Work item:
Print again, word for word, all of the records below, and leave the pictures out.

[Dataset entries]
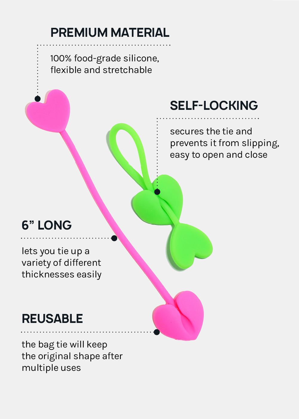- Cute Silicone Heart Shaped Bag Ties
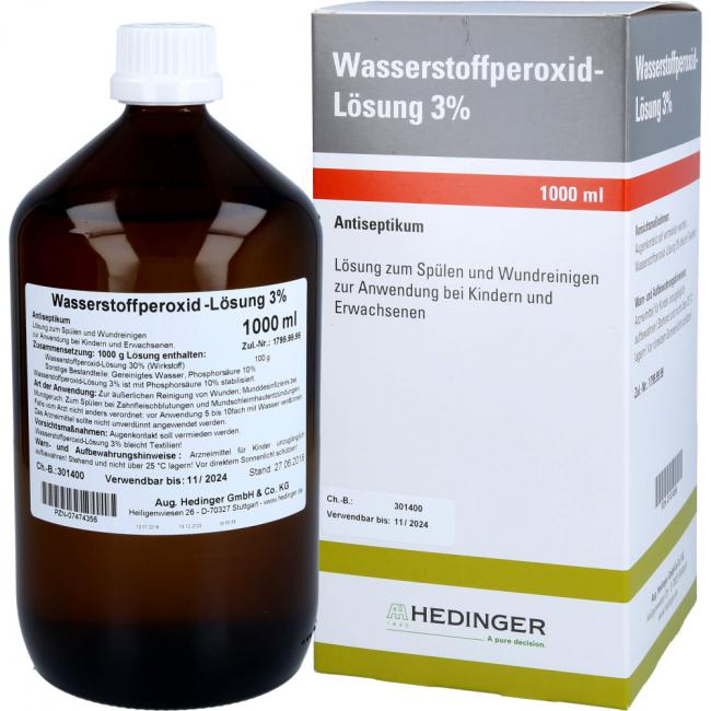 Wasserstoffperoxid-Lösung 3%. Wirkstoff: Wasserstoffperoxid-Lösung 30%. Anwendungsgebiete: Zur äußerlichen Reinigung von Wunden, Munddesinfiziens bei Mundgeruch, zum Spülen bei Zahnfleischblutungen und Mundschleimhautentzündungen.
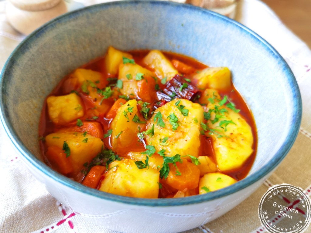 Обелените и измити картофи нарязах на средно големи парчета. Сушената чушка накъсах на едро. В широка тенджера загрях 1 с.л. масло и 1 с.л. олио и добавих лука, моркова и нарязаните на дребно дръжки на магданоза, като ги посолих. Готвих и когато започнаха да омекват и морковът да отделя красивия си цвят, прибавих късчетата чушка и след 3-4 минути добавих и картофите. Посолих, поръсих с мления пипер и червения пипер, разбърках и след половин минута полях с 800 мл. гореща вода, която почти да покрива продуктите. Ястието готвих под капак на 3 от 6 степени на моята печка до пълно омекване на морковите и картофите. Важно е в съда да има сос.
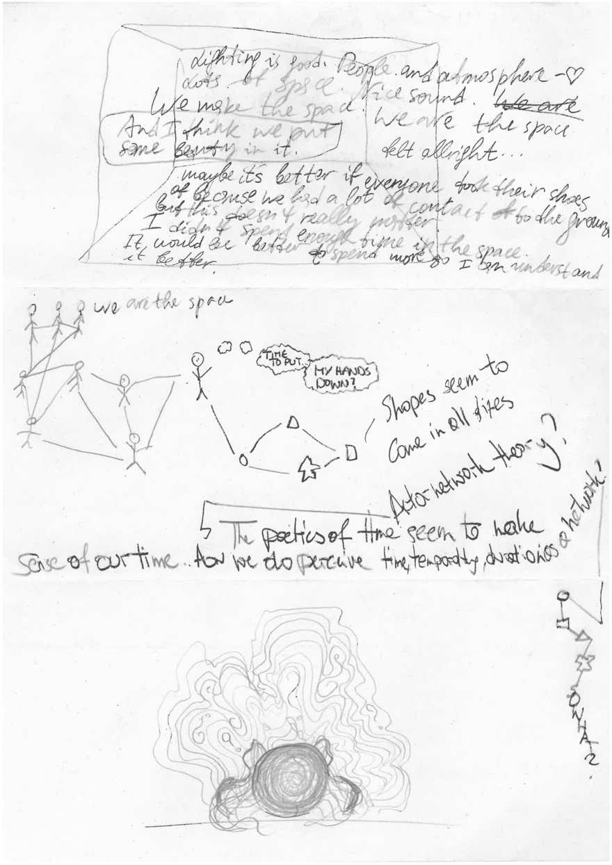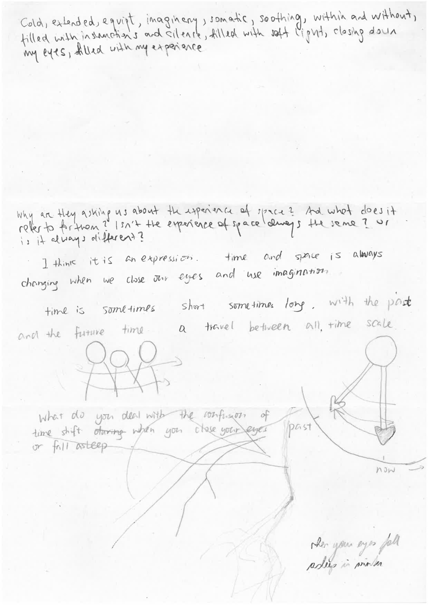 The possibility to together engage in a reflection process but not in order to agree, but rather grasp details of indivdiual trajectories inside the common experience, proved a really good way to prepare us participants to also share thoughts in the follwing discussion.
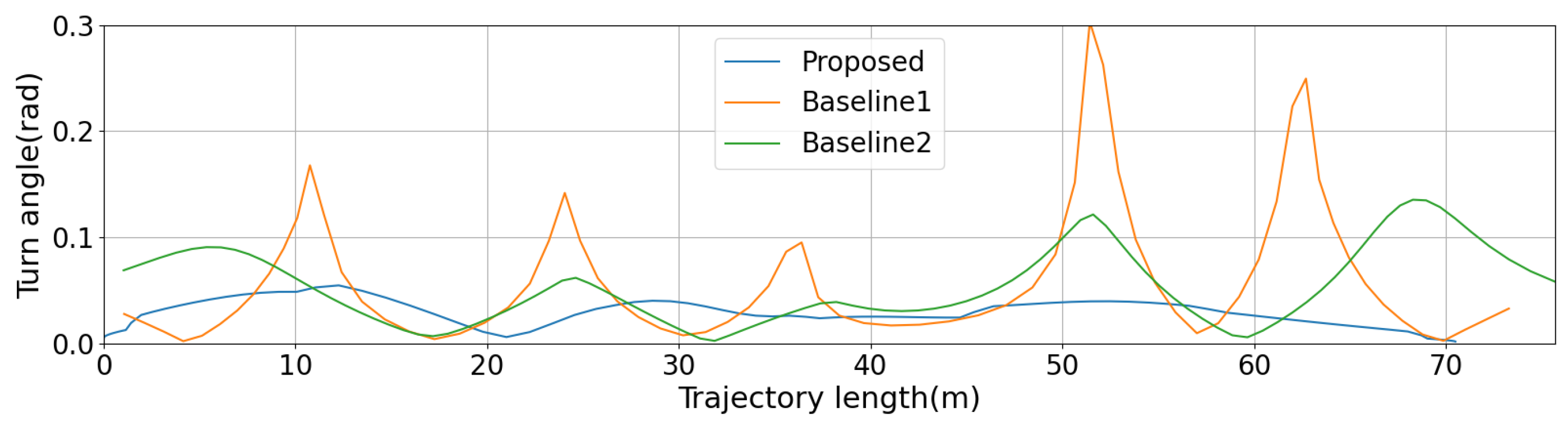 | Scenario | Method | Length (m) | Max Turning Angle (rad) | Total Turn (rad) | Energy | Time (s) | Cost |

Task solution:
- Cute Silicone Heart Shaped Bag Ties
 Wasserstoffperoxid-Lösung 3%. Wirkstoff: Wasserstoffperoxid-Lösung 30%. Anwendungsgebiete: Zur äußerlichen Reinigung von Wunden, Munddesinfiziens bei Mundgeruch, zum Spülen bei Zahnfleischblutungen und Mundschleimhautentzündungen.
 Обелените и измити картофи нарязах на средно големи парчета. Сушената чушка накъсах на едро. В широка тенджера загрях 1 с.л. масло и 1 с.л. олио и добавих лука, моркова и нарязаните на дребно дръжки на магданоза, като ги посолих. Готвих и когато започнаха да омекват и морковът да отделя красивия си цвят, прибавих късчетата чушка и след 3-4 минути добавих и картофите. Посолих, поръсих с мления пипер и червения пипер, разбърках и след половин минута полях с 800 мл. гореща вода, която почти да покрива продуктите. Ястието готвих под капак на 3 от 6 степени на моята печка до пълно омекване на морковите и картофите. Важно е в съда да има сос.
 The possibility to together engage in a reflection process but not in order to agree, but rather grasp details of indivdiual trajectories inside the common experience, proved a really good way to prepare us participants to also share thoughts in the follwing discussion.
 | Scenario | Method | Length (m) | Max Turning Angle (rad) | Total Turn (rad) | Energy | Time (s) | Cost |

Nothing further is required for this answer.